§ **Listed records**
-- -- --
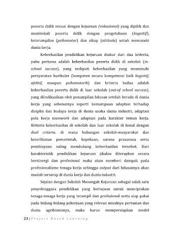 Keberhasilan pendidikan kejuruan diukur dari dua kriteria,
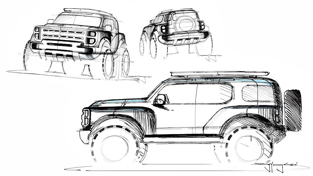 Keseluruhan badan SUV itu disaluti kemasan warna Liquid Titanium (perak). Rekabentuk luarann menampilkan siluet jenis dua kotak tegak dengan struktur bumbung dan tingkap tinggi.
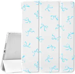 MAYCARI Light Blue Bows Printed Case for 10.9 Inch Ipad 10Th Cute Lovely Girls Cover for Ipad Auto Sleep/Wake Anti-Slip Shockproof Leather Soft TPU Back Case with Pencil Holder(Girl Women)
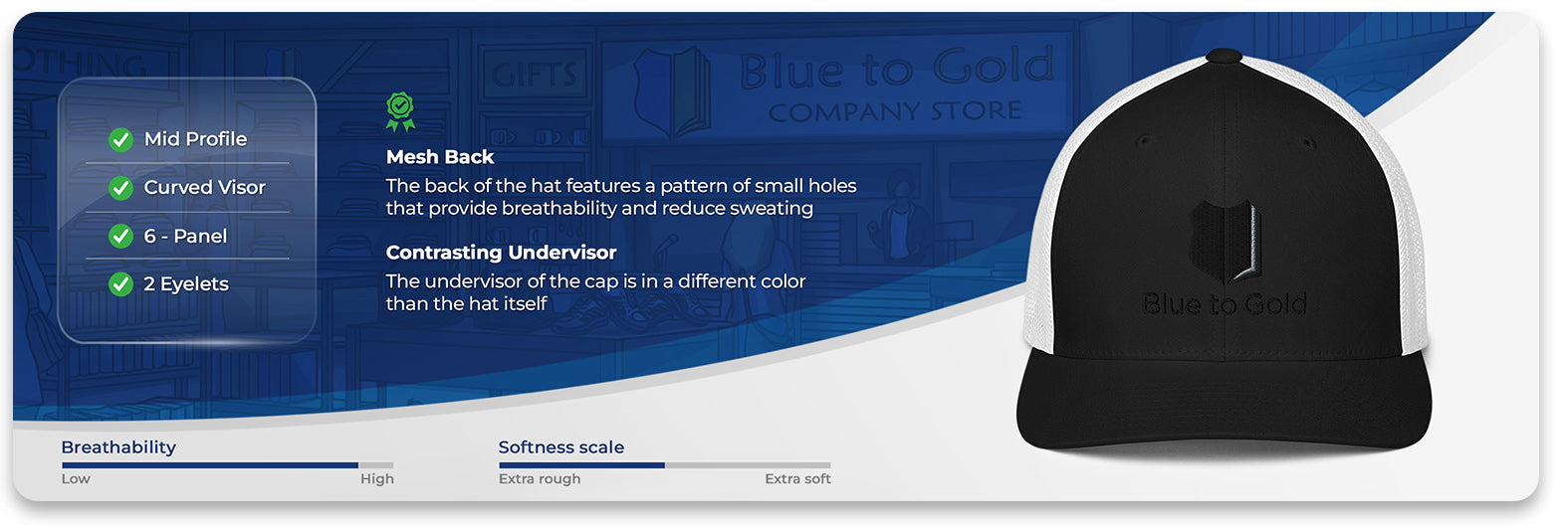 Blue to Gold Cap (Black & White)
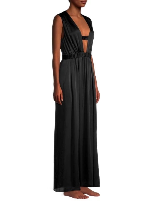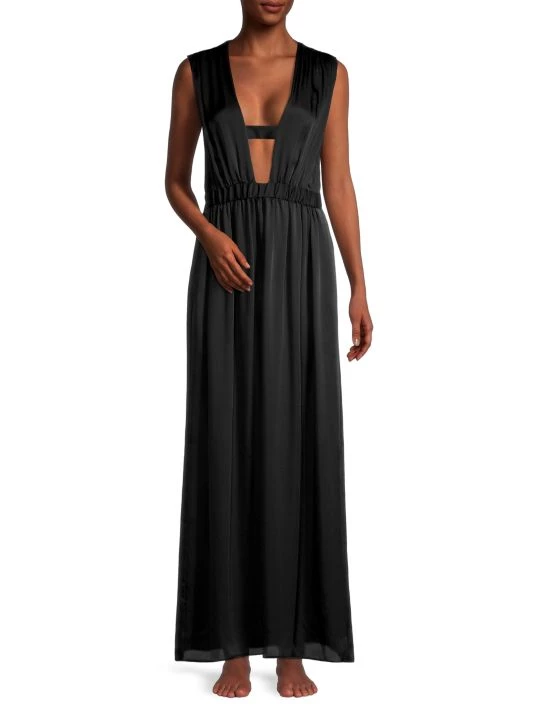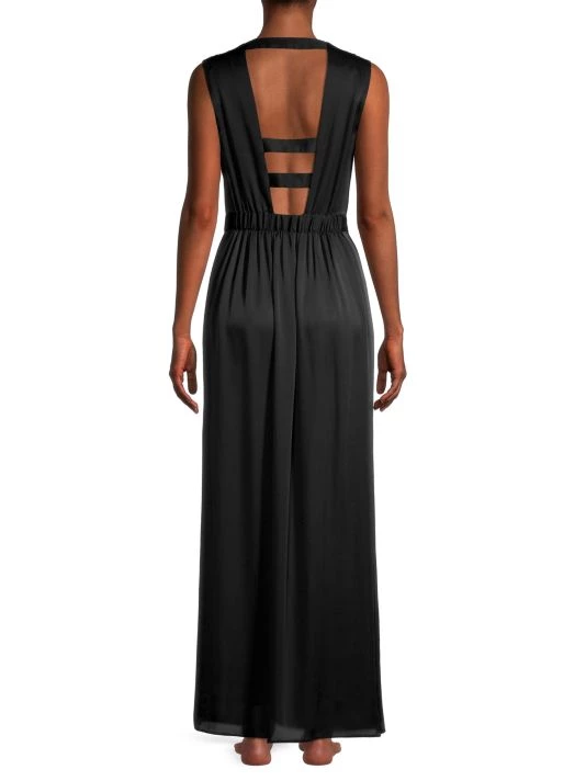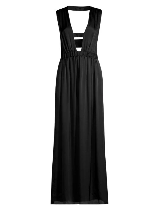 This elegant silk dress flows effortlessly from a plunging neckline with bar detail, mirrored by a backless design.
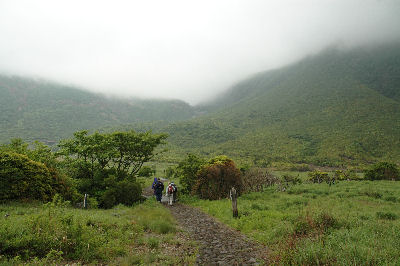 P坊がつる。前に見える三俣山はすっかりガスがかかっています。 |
-- -- --
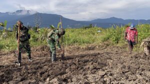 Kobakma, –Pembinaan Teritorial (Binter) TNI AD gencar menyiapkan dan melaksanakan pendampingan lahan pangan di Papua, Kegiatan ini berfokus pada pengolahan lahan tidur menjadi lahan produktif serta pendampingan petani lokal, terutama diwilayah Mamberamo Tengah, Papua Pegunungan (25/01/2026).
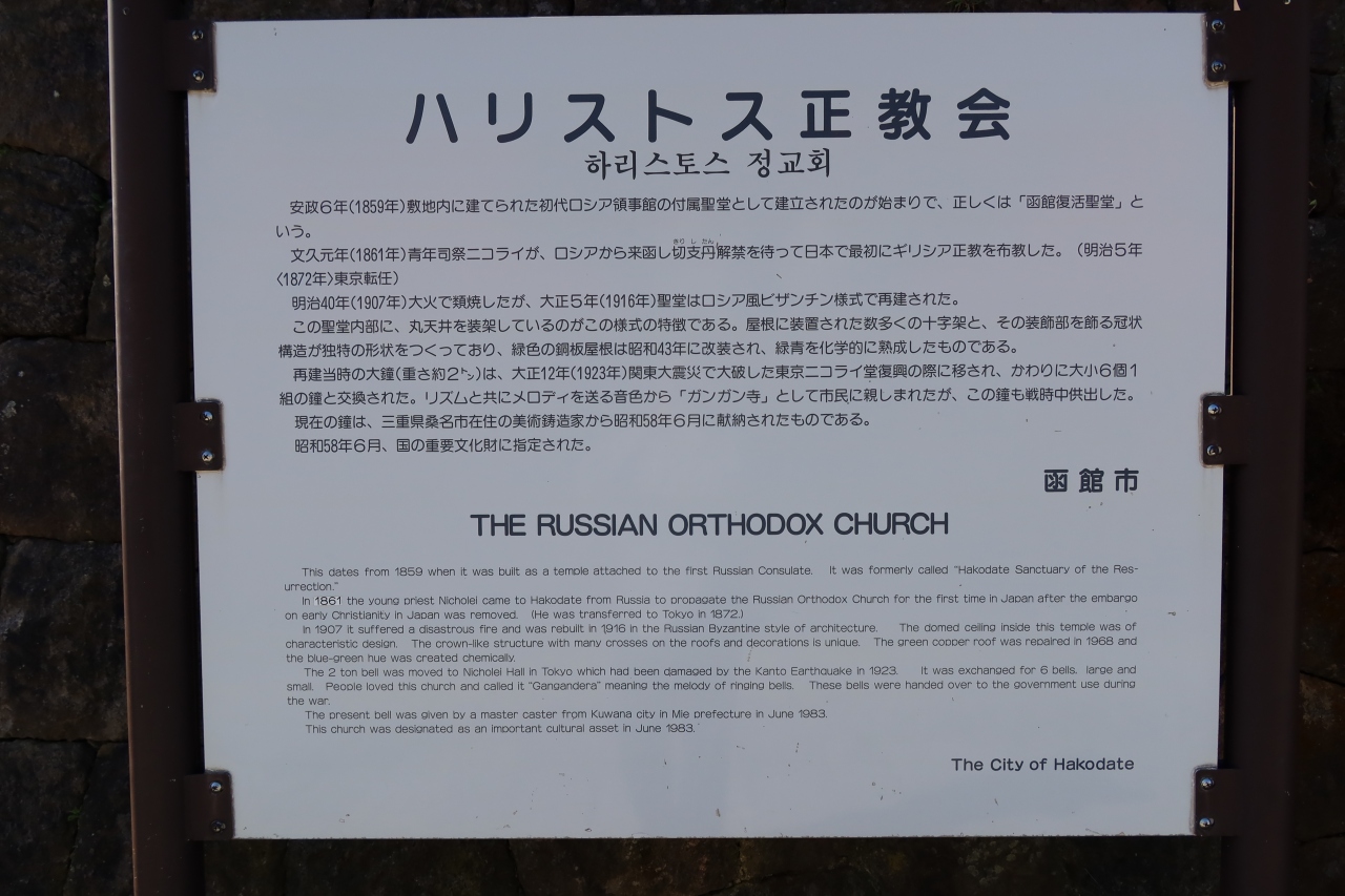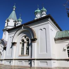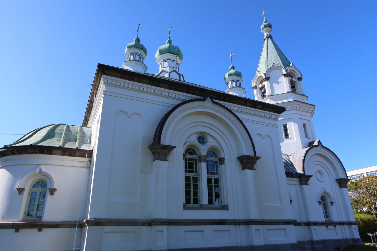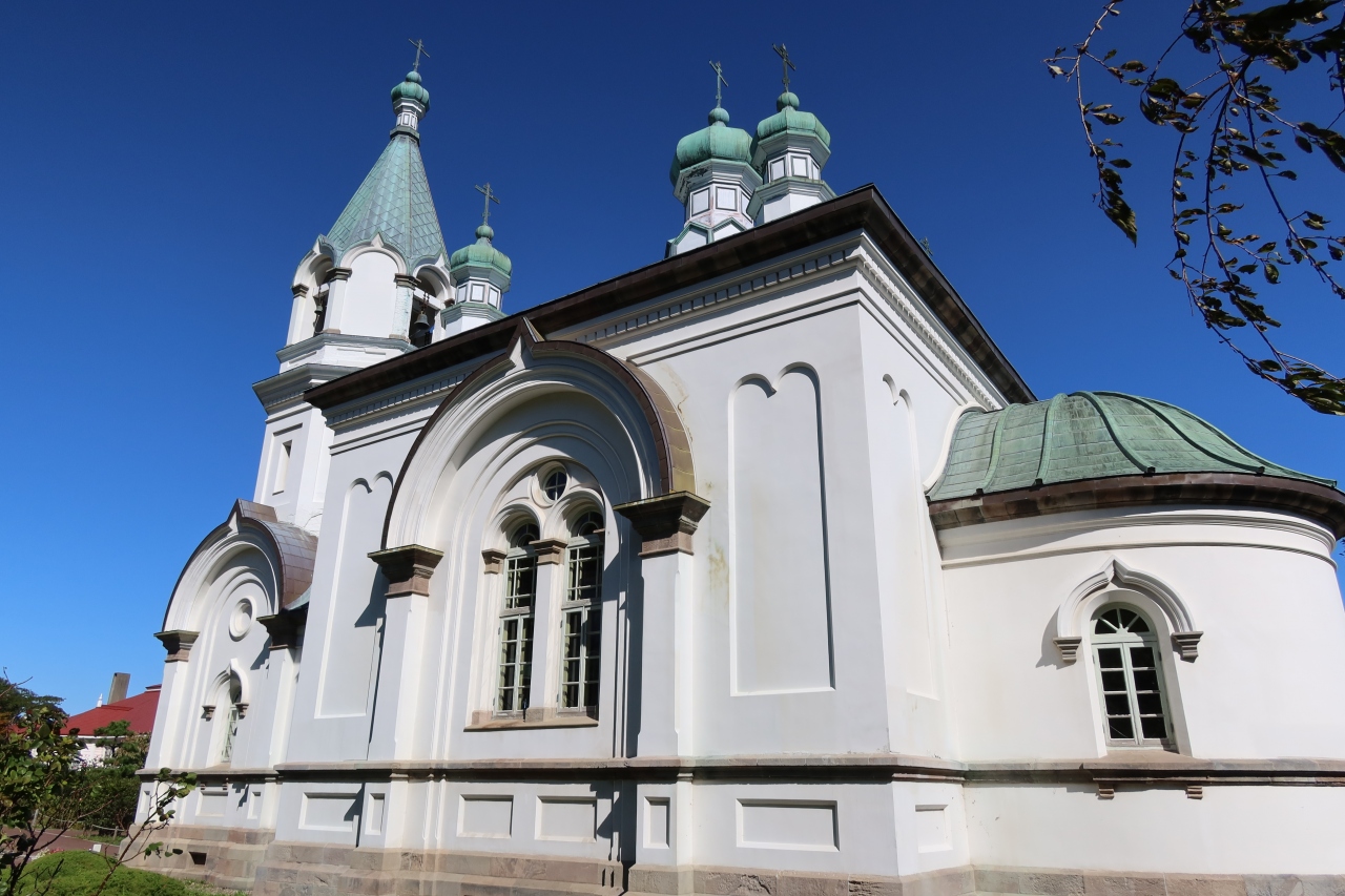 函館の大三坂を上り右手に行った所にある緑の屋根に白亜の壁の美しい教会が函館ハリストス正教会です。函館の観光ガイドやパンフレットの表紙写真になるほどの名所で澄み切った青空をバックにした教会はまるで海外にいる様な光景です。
-- -- --
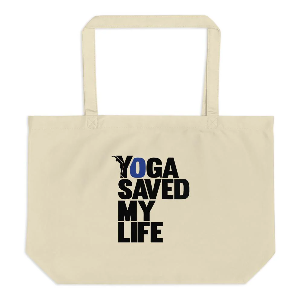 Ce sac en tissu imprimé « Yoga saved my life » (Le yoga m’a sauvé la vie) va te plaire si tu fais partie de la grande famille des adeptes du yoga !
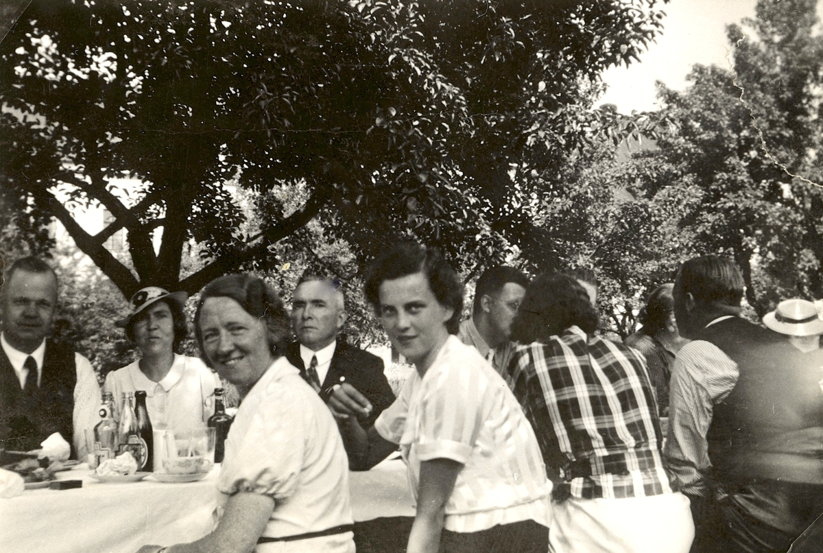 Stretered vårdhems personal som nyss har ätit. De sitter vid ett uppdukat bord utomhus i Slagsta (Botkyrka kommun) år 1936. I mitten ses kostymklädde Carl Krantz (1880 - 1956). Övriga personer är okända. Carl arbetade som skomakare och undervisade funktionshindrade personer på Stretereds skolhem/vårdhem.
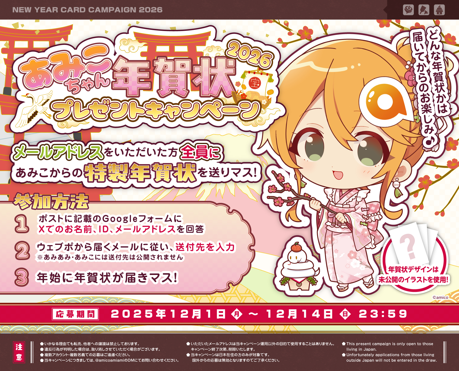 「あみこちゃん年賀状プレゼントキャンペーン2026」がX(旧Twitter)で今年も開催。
-- -- --
§ **What the task requires**
Could you transcribe exactly the entries above, but only the lines from the one with "Blue to Gold Cap (Black & White)" through the one with "P坊がつる。前に見える三俣山はすっかりガスがかかっています。 |", and without pictures?

§ **Answer to the problem**
 Blue to Gold Cap (Black & White)
 This elegant silk dress flows effortlessly from a plunging neckline with bar detail, mirrored by a backless design.
 P坊がつる。前に見える三俣山はすっかりガスがかかっています。 |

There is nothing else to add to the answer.